Numerous studies have shown that ROS are implicated in TRAIL receptor induction (8,26,27). Therefore, we investigated whether casticin mediates its effects through ROS. Intracellular ROS was measured by flow cytometry using the fluorescent probe DCFH-DA, and the results showed that casticin induced ROS generation in a dose-dependent manner (Fig. 5A and B). Furthermore, ROS levels increased initially at 0.5 h, reached the peak at 3 h and persisted for up to 24 h after treatment with 3.0 μM casticin (Fig. 5C). Next, the effect of ROS on casticin-induced DR5 was examined. We found that pretreatment of cells with N-acetylcysteine reduced the casticin-induced upregulation of DR5 expression (Fig. 5D). In addition, we investigated the effect of ROS on the potentiation of TRAIL-induced apoptosis by casticin. As shown in Fig. 5E, pretreatment with N-acetylcysteine markedly reduced the enhancement of TRAIL-induced apoptosis by casticin in HT-29 cells from 54.2±8.4 to 18.7±5.3%. The above findings suggest that ROS play a critical role in mediating the effects of casticin on DR5 expression and TRAIL-induced apoptosis.

Discussion

TRAIL is a potential anticancer agent that can selectively induce apoptosis in a wide variety of cancer cells (1). However, resistance of cancer cells to TRAIL-induced apoptosis limits its therapeutic application. Recent studies have shown that several chemotherapeutic drugs, i.e., curcumin, garcinol, gossypol, kaempferol, can modulate TRAIL-induced apoptosis in cancer cells (811), suggesting that TRAIL resistance can be overcome by combination treatment, which may be a new strategy for cancer therapy. Casticin, a flavonoid isolated from Vitex rotundifolia, has been demonstrated to have antitumor activities (i.e., inhibition of proliferation, induction of apoptosis) against breast, lung, liver and colon cancer, and leukemia (1517, 20). In the present study, we found that casticin enhances TRAIL-induced apoptosis in colon cancer cells, and the mechanisms involve downregulation of cell survival proteins and upregulation of DR5.
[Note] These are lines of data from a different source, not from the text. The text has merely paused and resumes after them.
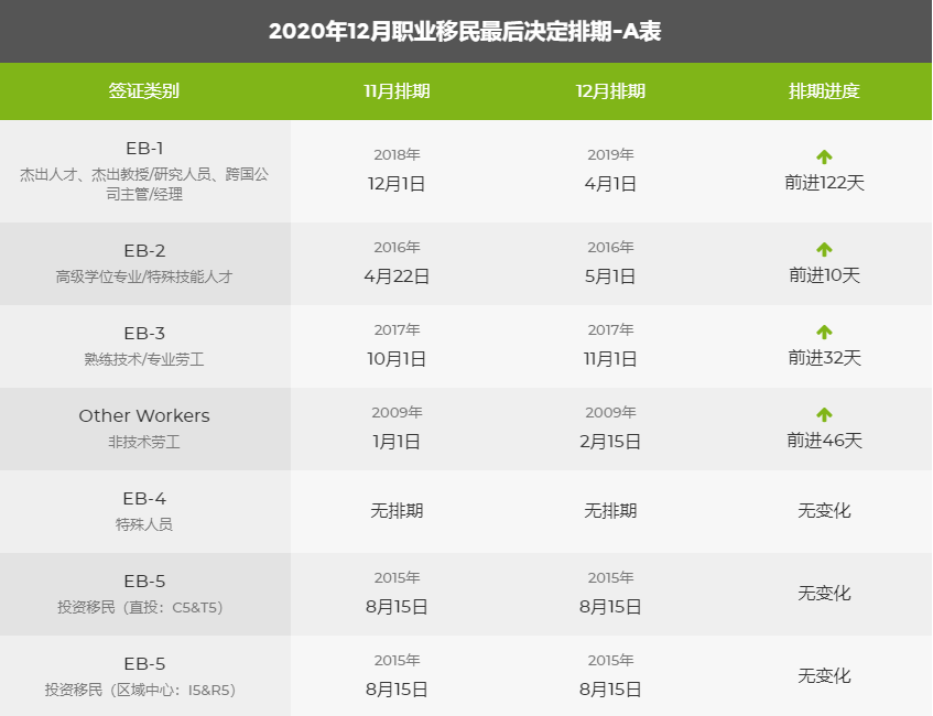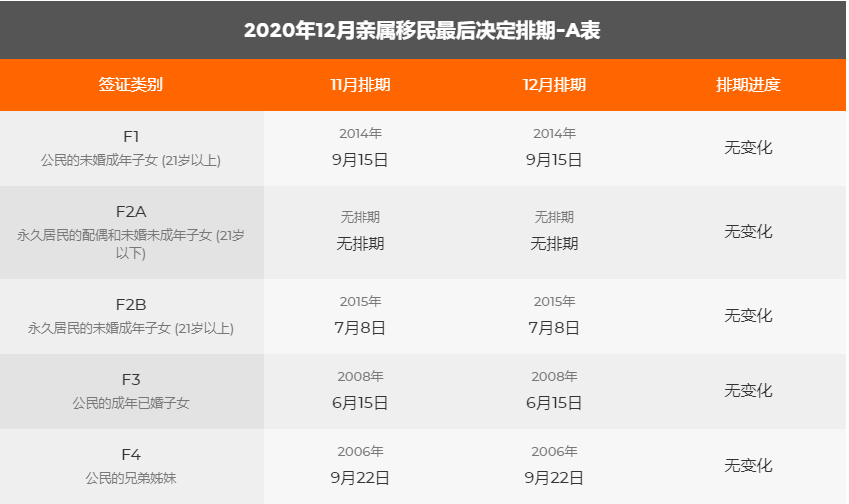 這兩天國務院公布了2020年12月綠卡移民排期,情況跟上個月基本相似,親屬移民完全停滯,職業移民各種類型均有前進。以下是幾個重點: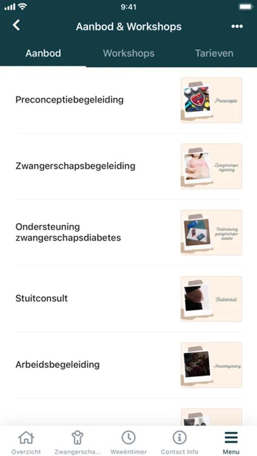 - Workshops: schrijf je in voor tal van onze workshops waarbij we (toekomstige) ouders vele tips en tricks bijbrengen. Via enkele kliks ben je ingeschreven via de app.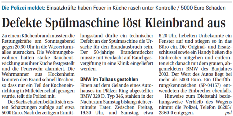 Defekte Spülmaschine löst Kleinbrand aus Zu einem Küchenbrand mussten die Rettungskräfte am Sonntagabend gegen 20.30 Uhr in die Wasserturmallee ausrücken. Der Wohnungsbewohner hatte starke Rauchentwicklung aus ihrer Küche.....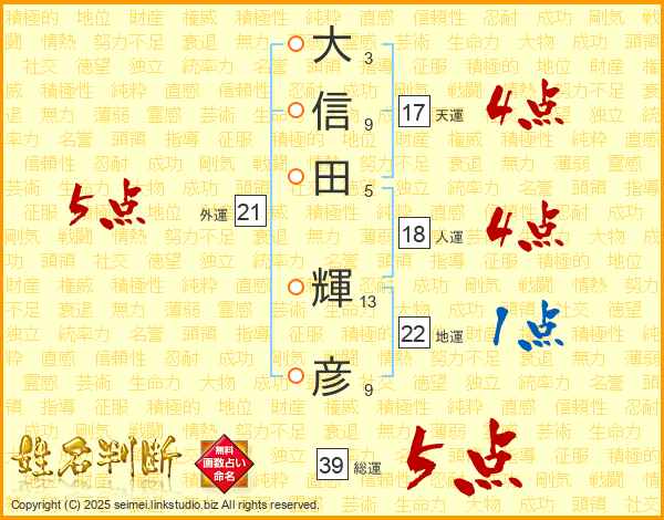 大(3画)信(9画)田(5画) 輝(13画)彦(9画)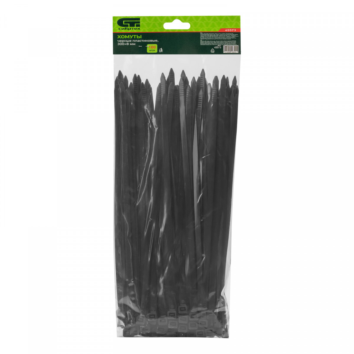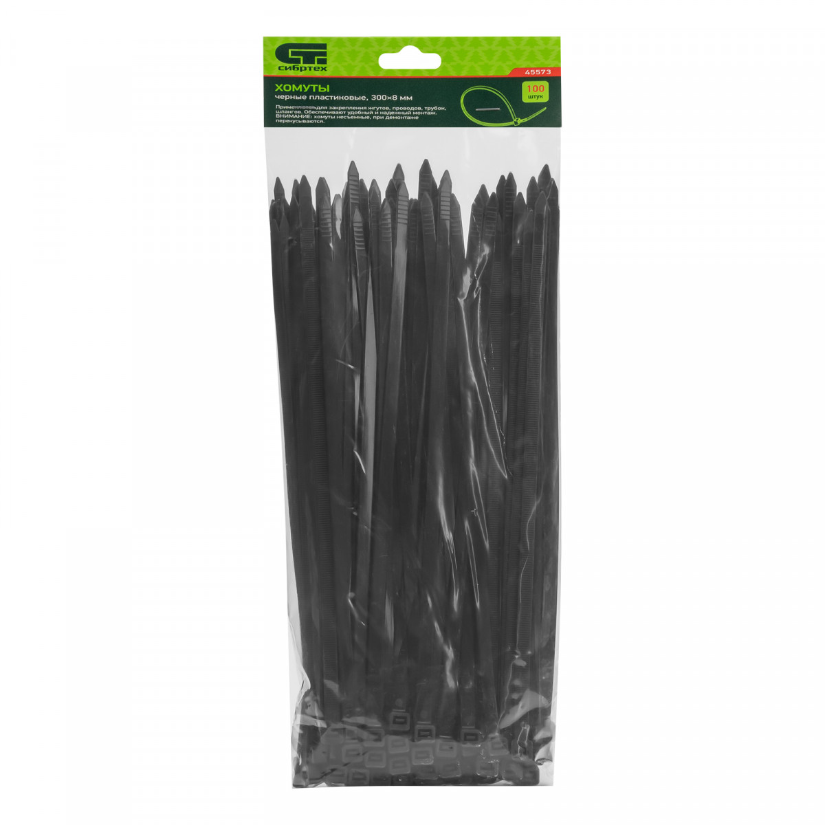 Черные пластиковые хомуты Сибртех 45573, 300 х 8 мм, 100 шт. в упаковке, используются для стяжки кабелей, закрепления трубок, шлангов, рекламных конструкций, а также для упаковки различных предметов. Пригодятся во время прокладки электрических и локальных вычислительных сетей, ремонта компьютерной техники, оформлении торговых стендов, комплектовании товара, будут также полезны дома, на даче и в гараже.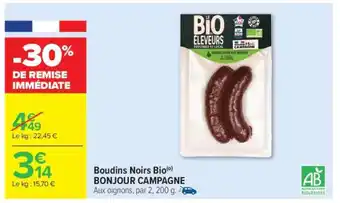 Boudins Noirs Bio BONJOUR CAMPAGNE offres et promotions en ligne chez Carrefour Market

Bcl-2 family proteins are central regulators of apoptosis and act primarily on the mitochondria. On the basis of the structural and functional characteristics, they are divided into anti-apoptotic and pro-apoptotic proteins. The former have 4 Bcl-2 homology domains (BH1, -2, -3 and -4) and include Bcl-2, Bcl-xL, Mcl-1, Bcl-w and A1/Bfl-1 and the latter include Bax, Bak, and Box that contain 3 BH domains (BH1, -2 and -3) and Bid, Bim and Bad that contain only the BH3 domain (28). Several studies have shown that Bcl-2 and Bcl-xL are involved in TRAIL resistance in tumor cells (22,23). In the present study, we found that casticin inhibits the expressions of Bcl-xL and Bcl-2; furthermore, casticin upregulates the expression of Bax and causes the cleavage of Bid protein in a dose-dependent manner, which may be one of its mechanisms of potentiation of TRAIL-induced apoptosis.

Inhibitors of apoptosis (IAPs) are a family of anti-apoptotic proteins that bind and inhibit caspases-3, -7 and -9, but not caspase-8, thereby inhibiting their activation and preventing apoptosis. Eight IAPs have been identified thus far, including survivin, X-chromosome-linked IAP (XIAP), cellular IAP1 (c-IAP1), and c-IAP2 (29). Survivin and XIAP have also been shown to be associated with tumor cell resistance to TRAIL. Azuhata et al reported that survivin can inhibit apoptosis induced by TRAIL, and that inhibiting survivin expression by antisense oligonucleotides enhances TRAIL sensitivity in human NB cells (24). Overexpression of XIAP is shown to confer resistance against TRAIL in cancer cells (22). Furthermore, Siegelin et al have shown that the XIAP inhibitor Embelin enhances TRAIL-mediated apoptosis in malignant glioma cells, and its mechanism involves downregulation of the short isoform of FLIP (25). FLICE (FADD-like IL-1β-converting enzyme) inhibitory protein (FLIP) is a critical anti-apoptotic regulator that inhibits TNF-α, Fas-L and TRAIL-induced apoptosis as well as chemotherapy-triggered apoptosis in malignant cells. Three isoforms of human cytosolic FLIP (c-FLIP) have been identified, long (c-FLIPL), short (c-FLIPS) and c-FLIPR. c-FLIP binds to FADD and/or caspase-8 or -10 in a ligand-dependent and-independent fashion, thereby preventing the activation of procaspase-8 (30). In the present study, we found that casticin inhibits the expressions of survivin, XIAP and cFLIP, but has no effect on the expressions of cIAP-1 and TRAF1 [tumor necrosis factor receptor-associated factor 1, thought to be a regulator of cell death and cellular responses to stress (31)]. Inhibition of survivin, XIAP and cFLIP may also be one of the mechanisms of potentiation of TRAIL-induced apoptosis by casticin.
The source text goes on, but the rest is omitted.